Darbhanga airport is far from New Delhi airport. There is no parking. Passengers walk from the side of a highway, past a checkpoint to wait on benches outside the terminal. Then they wait on another set of outdoor benches after going through security. But it works.

Another passenger on the same flight at Darbhanga, Ajay Jha, cradled his one-year-old daughter, Saranya, as he stood near the rudimentary baggage claim area.
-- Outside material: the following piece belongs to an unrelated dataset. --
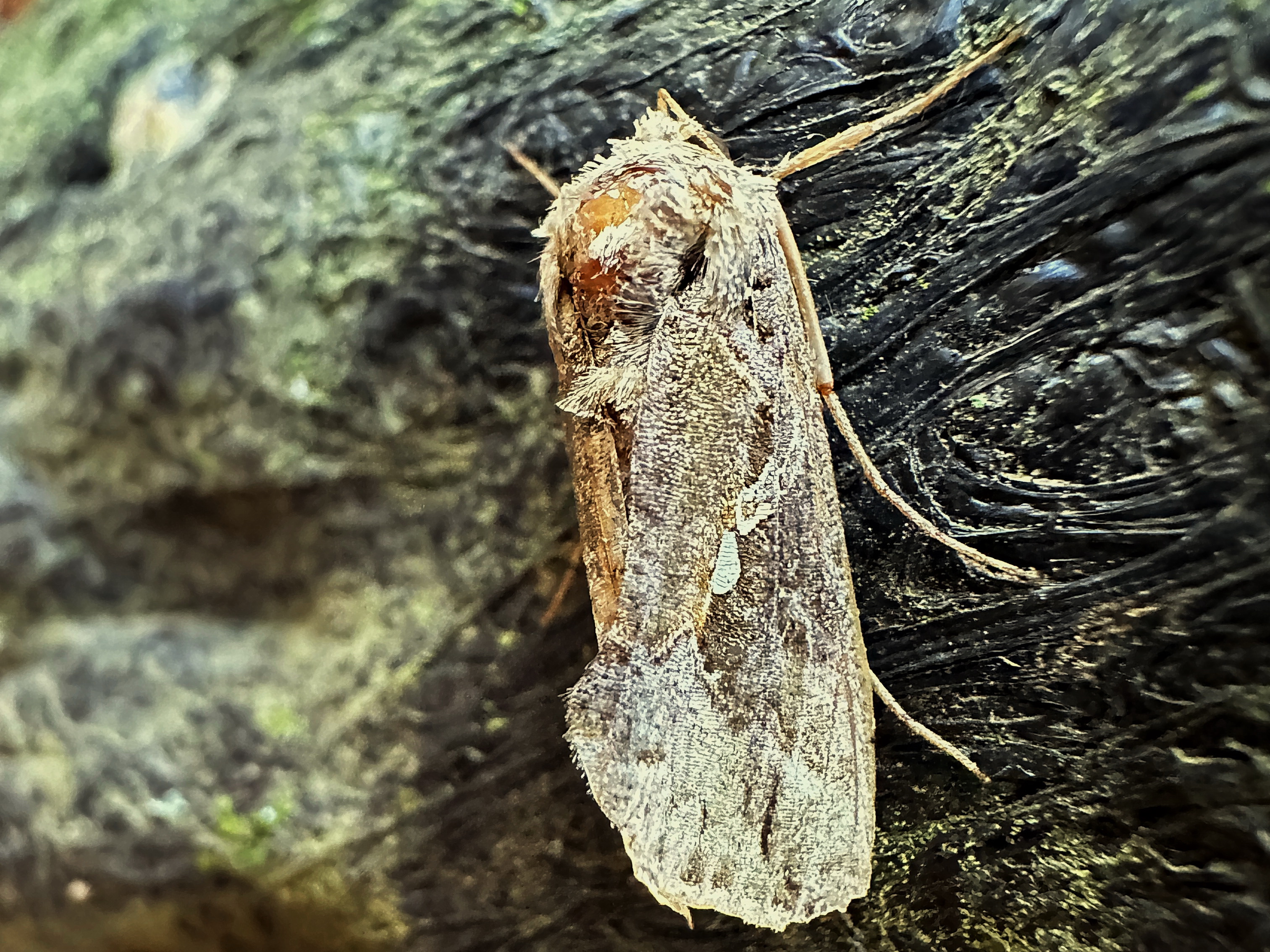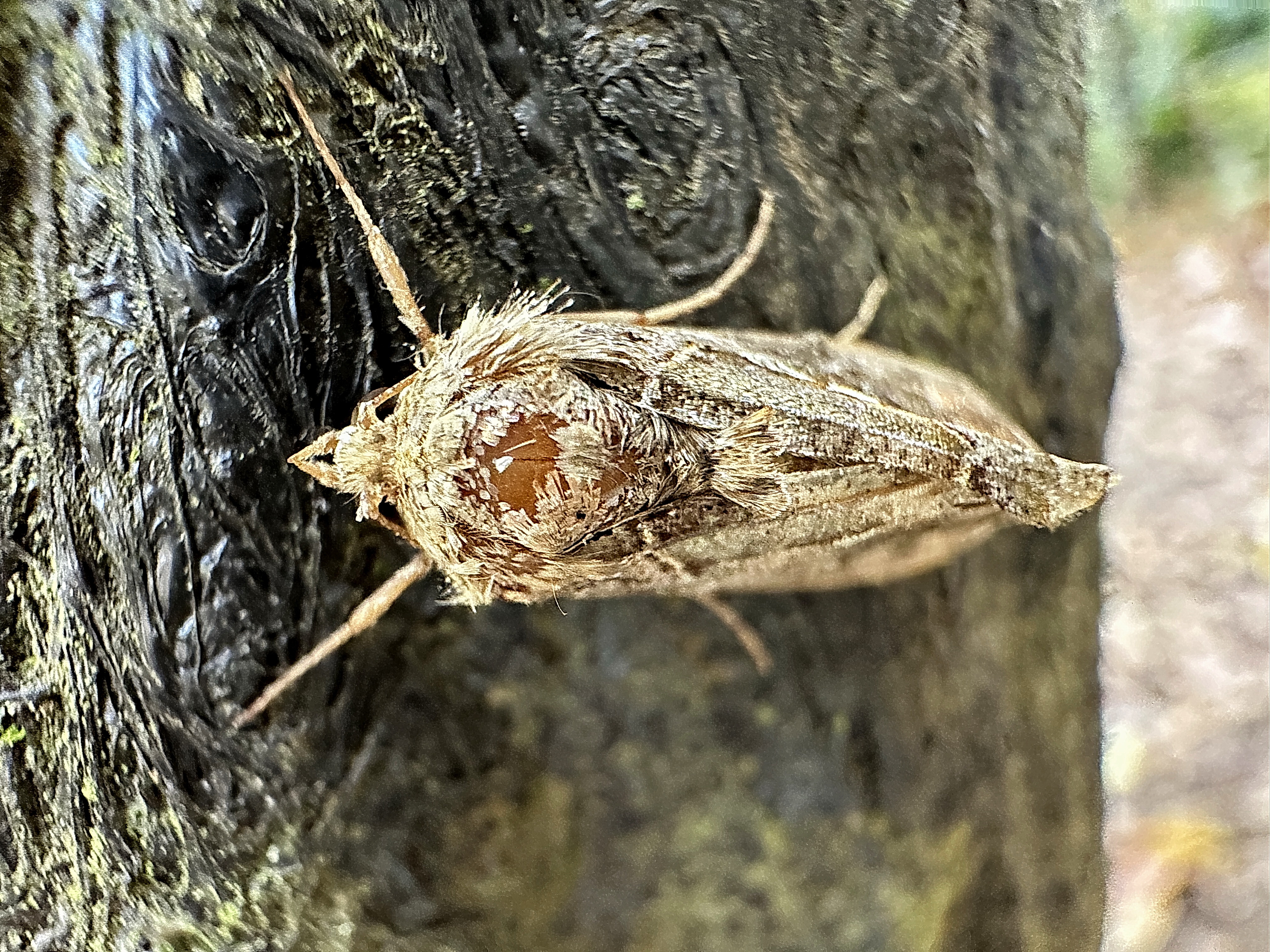 翅の一部も背中の毛束も失われています。白紋とU字紋が発達しています。外横線は後縁付近でV字型に深く曲がります。よく似たイチジクキンウワバは白紋がU字紋より大きく外横線は浅く曲がります。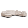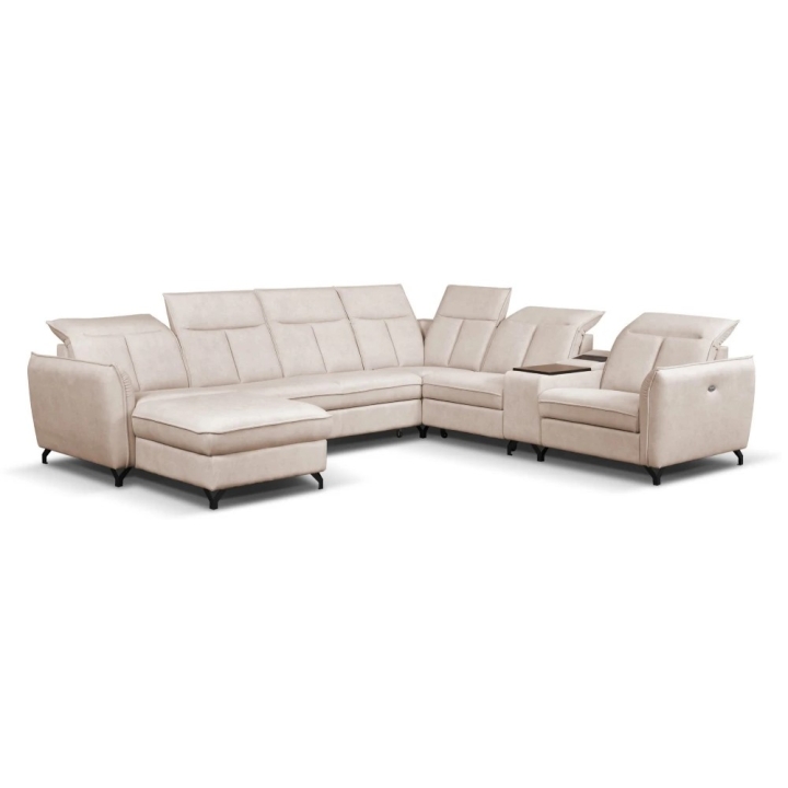The model has adjustable headrests, high backrest and wide armrests. The sofa is available in a right- and a left-hand version. For an extra charge, it is possible to order a module with a container equipped with 230V sockets and USB ports. The entire set is set on metal legs. The customer has the option of personalisation - a choice of upholstery fabric and corner sofa side configuration.

His family was on the final leg of a journey that began in Bellevue, Washington, where he works as an engineer for Amazon, to a family reunion in rural Bihari. Traveling halfway around the world took less time than Mr. Jha spent returning from his school in Bangalore.

Yet a large majority of Indians cannot afford such amenities. The average annual income is still less than that of a single economy class ticket from the United States, and, in this top-heavy economy, most Indians earn much less than that. The middle class, in Indian language, designates a country close to the top of the pyramid.

A report by CAPA India, the aviation analytics firm, counted just 0.13 passenger seats per capita in 2019 for Indians, compared to 0.52 for Chinese and 3.03 for Americans. But Indian airlines and elected officials note the low penetration and see opportunities.

The lack of competition, amid the emergence of a duopoly between IndiGo and the Tata-led airlines, is one of the most striking features of the new landscape. Smaller competitors continue to fail, most recently Go First, which declared bankruptcy in May. A shortage of pilots, after dozens were poached by larger companies, forced Akasa Air, a promising young company, to cancel its flights in August.

But supply shortages are not the worst problem in today’s global economy. While aviation growth in the decade before the pandemic held steady at around 15% per year, the Indian boom seems almost guaranteed to change the future of aviation around the world. If the benefits enjoyed by winners in the Indian economy can trickle outwards and downwards, the same could be true for many other sectors.